Bootstrap estimate of correlation

Question

I have two sets of observations, the brain size $(x)$ and body size $(y)$ of various animals. I am constructing a bootstrap estimate of the correlation.

In order to get the bootstrap estimates, I took a random sample (with replacement) from both $x$ and $y$, then computed the correlation, and repeated $10000$ times. However apparently this is wrong, and what I should have done is randomly selected one observation from each of $x$ and $y$, then repeated this $10000$ times.

Can someone explain why my approach gives the wrong answer? Why do I only need one sample from $x$ and $y$ each times?

Answer 1

I would do a nonparametric bootstrap for the correlation $r$ as follows:

Data for demonstration. First, some data. In R I generate $n = 100$ normally distributed pairs $(X,Y)$ with theoretical correlation $\rho=0.70.$ In R, you can reclaim the exact data I am using by starting the sampling with the same seed.

set.seed(224)
e = rnorm(100, 0, 15);  x = rnorm(100, 100, 15);  y = x + e
r.obs = cor(x, y);  r.obs
## 0.6996899
plot(x,y, pch=20)

Here is a plot of the data.

Nonparametric bootstrap procedure. Now for the bootstrap. [I am ignoring that the data are jointly normally distributed. Using that assumption, one could use one of the established mathods to get a 95% CI for $\rho.$]

If I knew the distribution of the fraction $r/\rho,$ I could use it to find values $L$ and $R$ that cut 2.5% of the probability from the left and right tails of the distribution, respectively, to get $$P(L < r/\rho < U) = P\left(\frac r U < \rho < \frac r L\right) = .95,$$ so that a 95% CI for $\rho$ would be $\left(\frac r U,\, \frac r L\right).$

"Bootstrap world" for approximation. Absent specific distributional information, I use a bootstrap procedure to get approximations $L^*$ of $L$ and $U^*$ of $U.$ Entering the so-called 'bootstrap world', I temporarily use $r_{obs} = 0.6997$ a proxy for the unknown $\rho.$ Then, at the $i$th bootstrap step, I choose $n = 100$ pairs $(X_j,Y_j)$ at random with replacement, find the 're-sampled' correlation $r_i^*$, and find the re-sampled fraction $f_i^* = \frac{r_i^*}{r_{obs}}.$ After a large number $B$ of steps, I find quantiles ,025 $L^*$ and .975 $U^*$ of the $B$ values $f_i^*.$

"Real world" and CI. Returning to the 'real world' (with $r_{obs}$ once again in its role as an estimate), I find the 95% nonparametric bootstrap $\left(\frac{r_{obs}}{U^*}, \frac{r_{obs}}{L^*}\right).$

R code for nonparametric bootstrap CI for $\rho.$ Code for this procedure in R statistical software is shown below. [I have used suffixes .re instead of superscript $*$'s in the code. Unless you keep my set.seed statement, you will get a slightly different result on each run of the program.]

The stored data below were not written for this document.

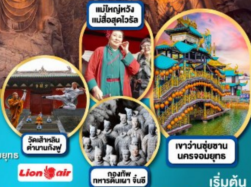
แม่ใหญ่หวัง แม่สื่อสุดไวรัล
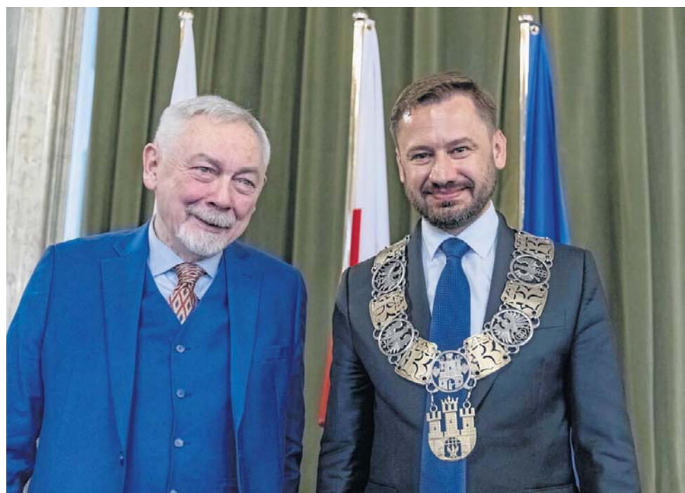
Jacek Majchrowski i Aleksander Miszalski rządzą już Krakowem. Kto następny?

2. Może się więc okazać, że zadeklarowanych kandydatów już niedługo będziemy mieli nawet 20, ale... nie wiadomo czy do przyspieszonych wyborów w ogóle dojdzie! 2 czerwca 2026 minął termin na złożenie protestów wyborczych przeciw ważności referendum. Komisarz Wyborczy w Krakowie otrzymał z Sądu Okręgowego informację o trzech złożonych protestach. Dopiero jak zostaną rozpatrzone, to zostanie wyznaczona data wyborów. A co, jeśli sąd uzna, że protesty były słuszne i masowo łamano ciszę wyborczą? - Różnica w głosowaniu to około 3 proc. Jeżeli sąd uzna, że działania przeciwników Miszalskiego i inicjatorów referendum miały duży wpływ na wynik głosowania, referendum może zostać uznane za nieważne, bo było to działanie podczas ciszy wyborczej. Wtedy Aleksander Miszalski może wrócić do urzędu - mó-
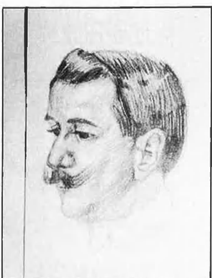
D'esquerra a dreta: Coberta de l'àlbum de dibuixos, 1918, i retrat del seu pare, 1921 (?). (Quaderns de Puebla.)
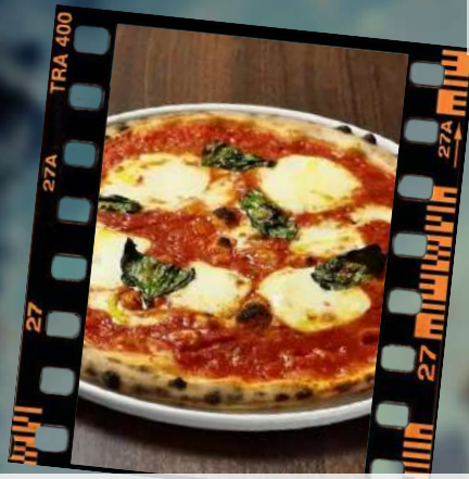
「俺の」定番！マルガリータ 880円
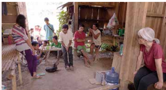
今後の土地取得に向けて話し合うマイの住民

結果として分かったのは「土地の権利を登記している人はいないが、所有権を認められている人がいた。その記録は、1979年にまでさかのぼり、その方はすでに亡くなっている。」権利は血縁者に相続されることになっていて二人の娘さんにその権利があることまで突き止めました。その記録にある人と今の土地の使用者の父親の間で、権利委譲
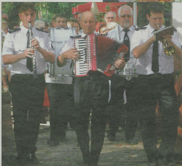
Korowód na wyspę poprowadziła Dobrska Kapela Biesiadna.
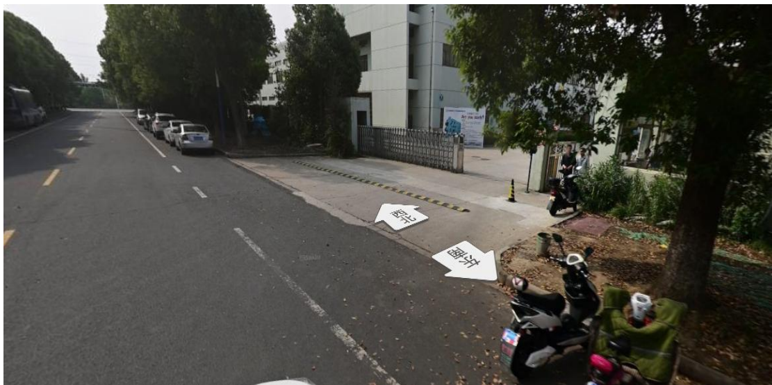
上客站：昌瑞西南门
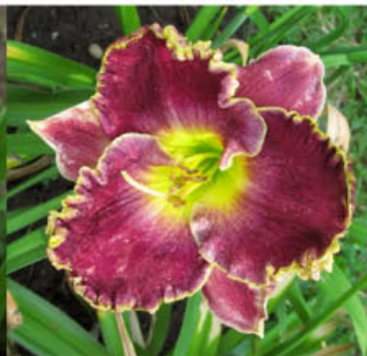
NEW PURPLE SAGE
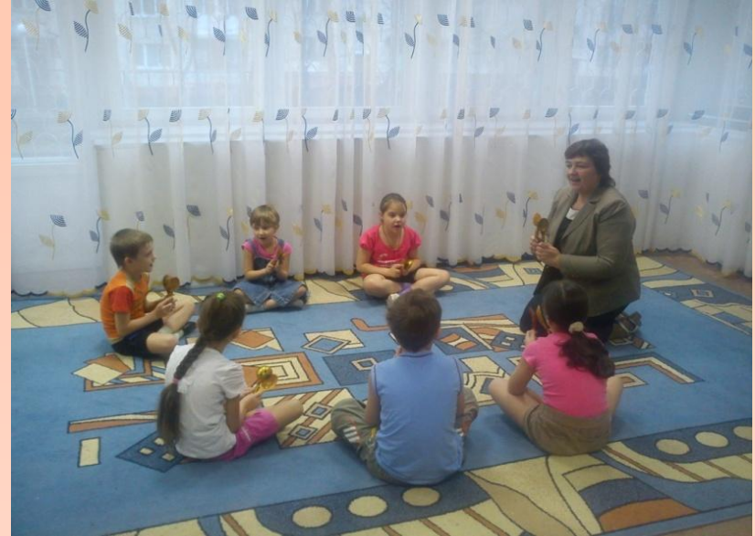
Игра «ЛОЖКАРИ» - на развитие слухового внимания и чувства ритма.
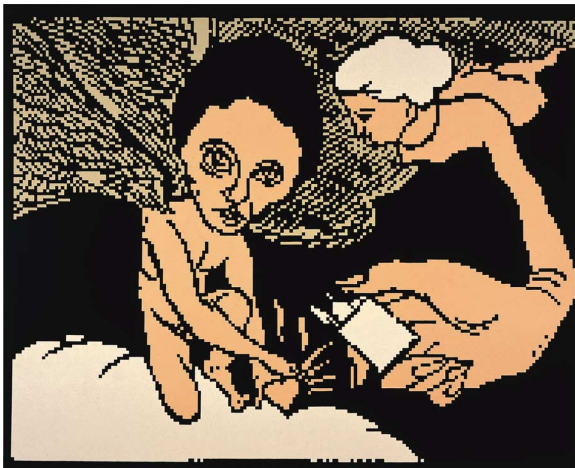
Amorek serigrafie, papír, 70 x 100 cm, 2001
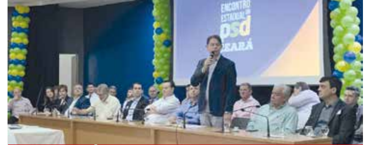
CEARÁ PÁGINA 04

The resulting 95% nonparametric bootstrap CI is $(.620, .826),$ which contains the point estimate $r_{obs} = .6997,$ as it must. But the point estimate is typically not at the center of the CI.

set.seed(218)
B = 10000;  f.re = numeric(B)
for(i in 1:B) {
  ix = sample(1:100, 100, rep=T)  # select 100 indexes of re-sampled pairs
  r.re = cor(x[ix],y[ix])         
  f.re[i] = r.re/r.obs }
L.re = quantile(f.re, .025);  U.re = quantile(f.re, .975)
r.obs/U.re; r.obs/L.re
    97.5% 
0.6200286 
     2.5% 
0.8262627 

Comments. This method of bootstrapping keeps ratios intact throughout and reduces the chances for a biased result. In the presence of bias or lack of symmetry (as here), I believe it would be incorrect to use quantiles of the re-sampled correlations $r_*$ themselves to make a confidence interval.

If you use one of the standard parametric CIs for $\rho,$ assuming that the $(X,Y)$ pairs are bivariate normal, then you may get a shorter CI. One reason you might get a different result is that assuming bivariate normality provides information that the nonparametric bootstrap does not use.

A histogram of the bootstrap distribution of the fraction $f_i^*$ is shown below along with the locations of $L^*$ and $U^*.$

Answer 2

You need each observation to have an $x$ and $y$ value. Consider a scatterplot. If there is a strong, linear association, you'll see a linear pattern in the data. But in order to create a scatterplot, you need an $x$ and $y$ coordinate for each observation.